■ DATA PROVIDED:
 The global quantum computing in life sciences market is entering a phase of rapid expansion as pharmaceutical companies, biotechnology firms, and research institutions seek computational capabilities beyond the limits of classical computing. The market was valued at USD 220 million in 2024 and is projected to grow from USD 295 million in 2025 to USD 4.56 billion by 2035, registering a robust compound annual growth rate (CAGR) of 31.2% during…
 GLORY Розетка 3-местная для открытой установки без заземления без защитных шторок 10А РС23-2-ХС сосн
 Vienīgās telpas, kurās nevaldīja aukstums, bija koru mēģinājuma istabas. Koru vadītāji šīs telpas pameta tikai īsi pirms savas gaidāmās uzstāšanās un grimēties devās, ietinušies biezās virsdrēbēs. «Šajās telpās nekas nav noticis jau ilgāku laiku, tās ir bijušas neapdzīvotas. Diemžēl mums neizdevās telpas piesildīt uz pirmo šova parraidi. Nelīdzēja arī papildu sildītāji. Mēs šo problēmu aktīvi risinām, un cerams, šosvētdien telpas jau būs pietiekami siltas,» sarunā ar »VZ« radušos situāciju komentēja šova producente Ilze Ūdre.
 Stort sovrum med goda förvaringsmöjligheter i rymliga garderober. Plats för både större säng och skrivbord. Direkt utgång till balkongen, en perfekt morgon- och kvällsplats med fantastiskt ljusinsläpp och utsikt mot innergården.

...

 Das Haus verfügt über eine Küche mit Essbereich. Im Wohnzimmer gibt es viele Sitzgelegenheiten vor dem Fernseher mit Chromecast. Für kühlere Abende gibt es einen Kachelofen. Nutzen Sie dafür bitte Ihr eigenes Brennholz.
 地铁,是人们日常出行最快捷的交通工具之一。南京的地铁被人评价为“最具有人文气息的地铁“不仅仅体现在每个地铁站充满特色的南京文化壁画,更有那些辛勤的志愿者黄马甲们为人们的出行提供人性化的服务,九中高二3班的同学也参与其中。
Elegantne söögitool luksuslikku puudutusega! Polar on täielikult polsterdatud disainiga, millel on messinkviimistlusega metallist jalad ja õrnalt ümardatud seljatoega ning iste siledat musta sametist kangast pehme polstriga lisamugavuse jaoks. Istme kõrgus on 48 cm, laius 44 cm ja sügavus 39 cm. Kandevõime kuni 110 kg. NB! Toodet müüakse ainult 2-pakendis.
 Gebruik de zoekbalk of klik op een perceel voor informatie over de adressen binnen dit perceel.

--

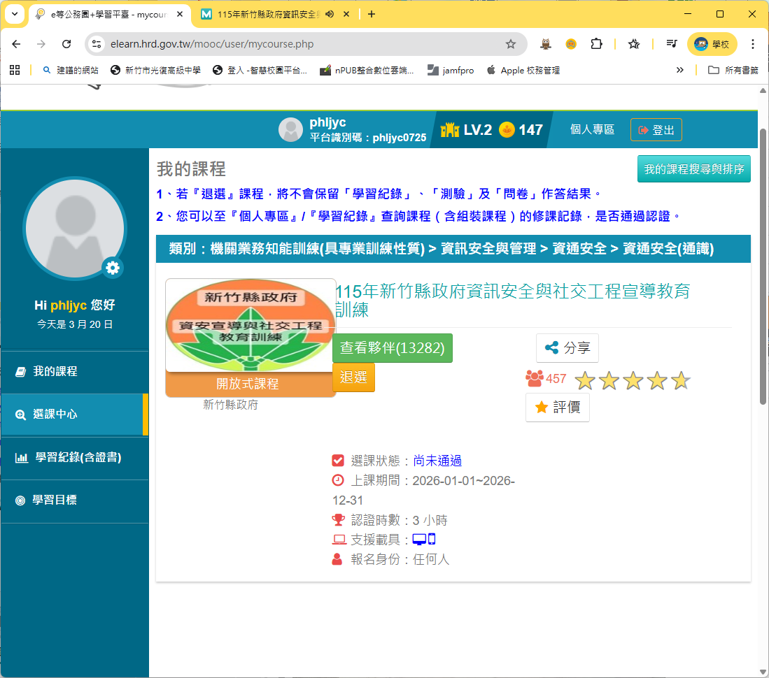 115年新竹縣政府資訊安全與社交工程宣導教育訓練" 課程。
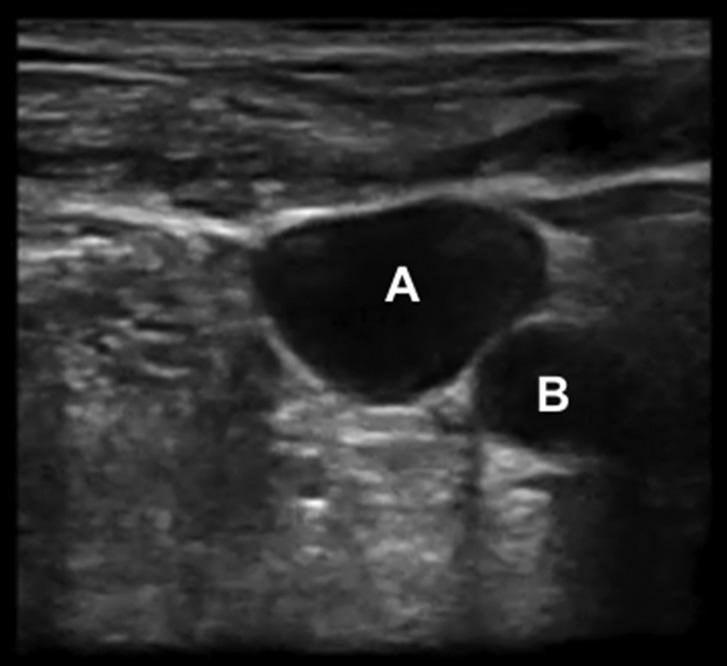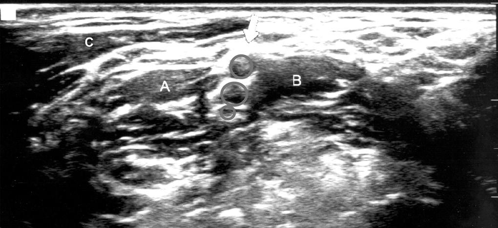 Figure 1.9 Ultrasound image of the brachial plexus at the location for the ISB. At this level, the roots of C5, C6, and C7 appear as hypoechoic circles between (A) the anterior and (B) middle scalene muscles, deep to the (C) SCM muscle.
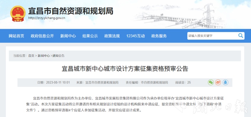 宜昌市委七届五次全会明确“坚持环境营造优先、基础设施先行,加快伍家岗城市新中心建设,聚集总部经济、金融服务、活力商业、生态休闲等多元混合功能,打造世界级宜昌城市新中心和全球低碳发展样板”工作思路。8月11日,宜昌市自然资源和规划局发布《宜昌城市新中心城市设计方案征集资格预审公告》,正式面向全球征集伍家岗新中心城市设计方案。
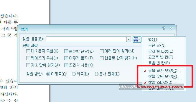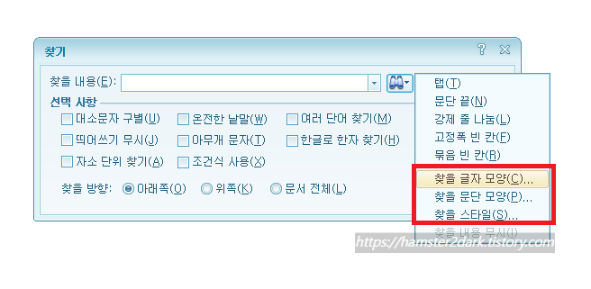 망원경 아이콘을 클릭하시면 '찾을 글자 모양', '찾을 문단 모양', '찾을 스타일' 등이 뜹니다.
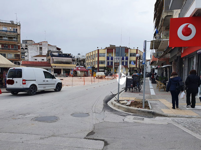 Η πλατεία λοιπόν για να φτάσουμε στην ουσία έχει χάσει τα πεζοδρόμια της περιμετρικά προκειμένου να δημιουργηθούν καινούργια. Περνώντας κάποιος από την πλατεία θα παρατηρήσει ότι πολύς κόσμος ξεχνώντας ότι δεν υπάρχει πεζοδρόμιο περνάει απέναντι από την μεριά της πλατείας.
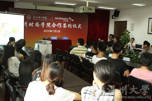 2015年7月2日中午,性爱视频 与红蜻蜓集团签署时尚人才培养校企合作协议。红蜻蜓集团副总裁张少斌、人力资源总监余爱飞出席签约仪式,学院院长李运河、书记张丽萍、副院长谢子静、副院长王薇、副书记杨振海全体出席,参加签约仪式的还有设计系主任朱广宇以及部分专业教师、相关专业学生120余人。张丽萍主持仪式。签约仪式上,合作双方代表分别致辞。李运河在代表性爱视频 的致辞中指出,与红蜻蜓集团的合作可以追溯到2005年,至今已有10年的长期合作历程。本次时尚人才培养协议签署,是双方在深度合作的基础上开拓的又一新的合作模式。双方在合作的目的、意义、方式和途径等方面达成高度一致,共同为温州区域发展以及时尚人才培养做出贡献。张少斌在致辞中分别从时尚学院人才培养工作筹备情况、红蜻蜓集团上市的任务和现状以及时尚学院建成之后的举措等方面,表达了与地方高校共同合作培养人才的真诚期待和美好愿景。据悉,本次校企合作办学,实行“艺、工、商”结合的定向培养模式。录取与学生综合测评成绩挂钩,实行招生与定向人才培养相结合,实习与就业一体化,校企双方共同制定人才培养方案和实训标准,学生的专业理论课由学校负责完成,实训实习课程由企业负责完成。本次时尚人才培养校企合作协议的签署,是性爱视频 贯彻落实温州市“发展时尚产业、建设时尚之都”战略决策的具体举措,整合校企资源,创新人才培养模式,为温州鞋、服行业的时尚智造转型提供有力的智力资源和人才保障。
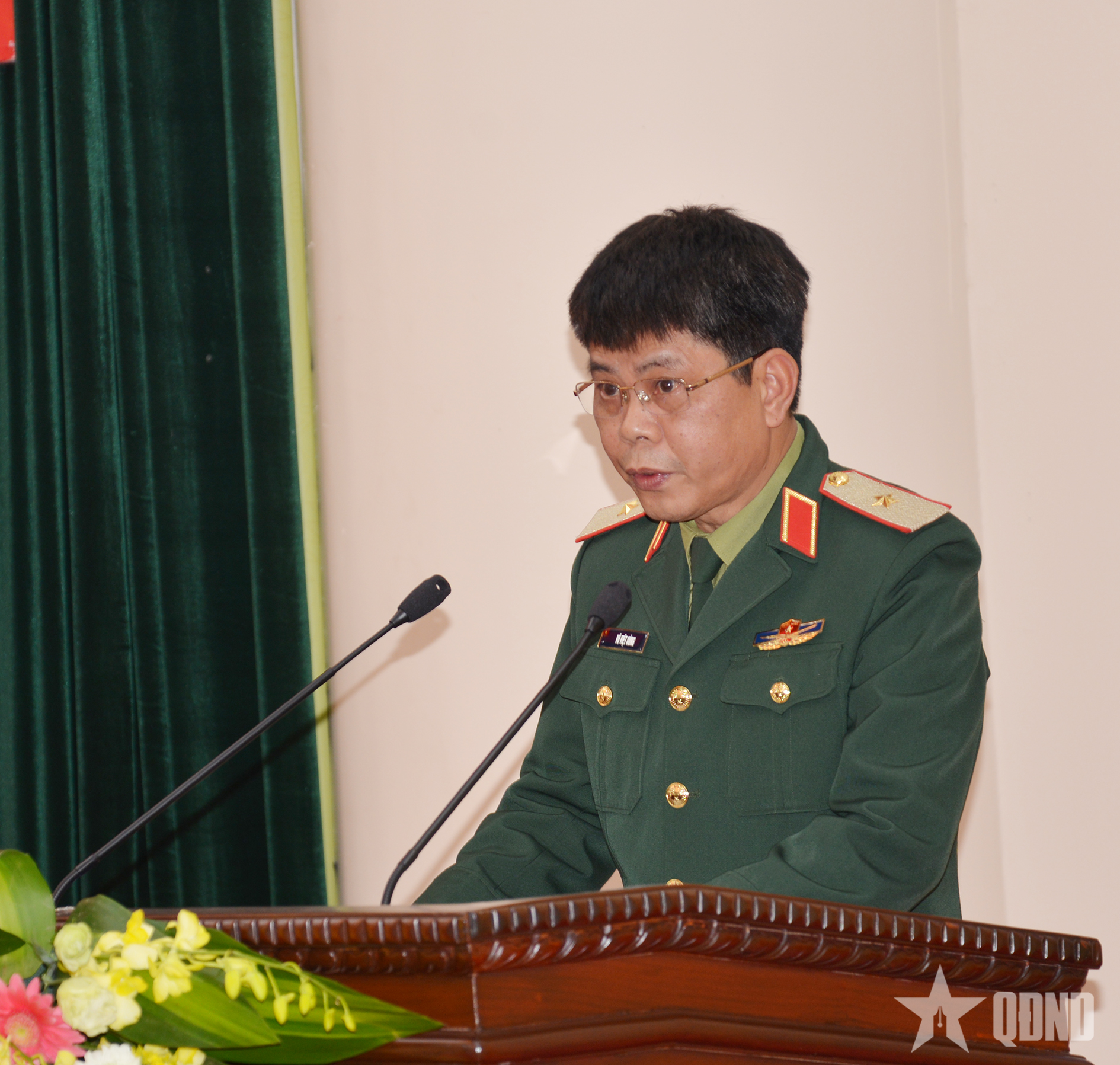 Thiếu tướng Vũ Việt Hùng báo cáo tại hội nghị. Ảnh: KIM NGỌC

■ WORK INSTRUCTIONS: Within these entries, output exactly the lines starting at the one with "Figure 1.9 Ultrasound" and finishing at the one with "망원경 아이콘을 클릭하시면". Leave pictures out of the output.

■ ANSWER SECTION:
 Figure 1.9 Ultrasound image of the brachial plexus at the location for the ISB. At this level, the roots of C5, C6, and C7 appear as hypoechoic circles between (A) the anterior and (B) middle scalene muscles, deep to the (C) SCM muscle.
 宜昌市委七届五次全会明确“坚持环境营造优先、基础设施先行,加快伍家岗城市新中心建设,聚集总部经济、金融服务、活力商业、生态休闲等多元混合功能,打造世界级宜昌城市新中心和全球低碳发展样板”工作思路。8月11日,宜昌市自然资源和规划局发布《宜昌城市新中心城市设计方案征集资格预审公告》,正式面向全球征集伍家岗新中心城市设计方案。
 망원경 아이콘을 클릭하시면 '찾을 글자 모양', '찾을 문단 모양', '찾을 스타일' 등이 뜹니다.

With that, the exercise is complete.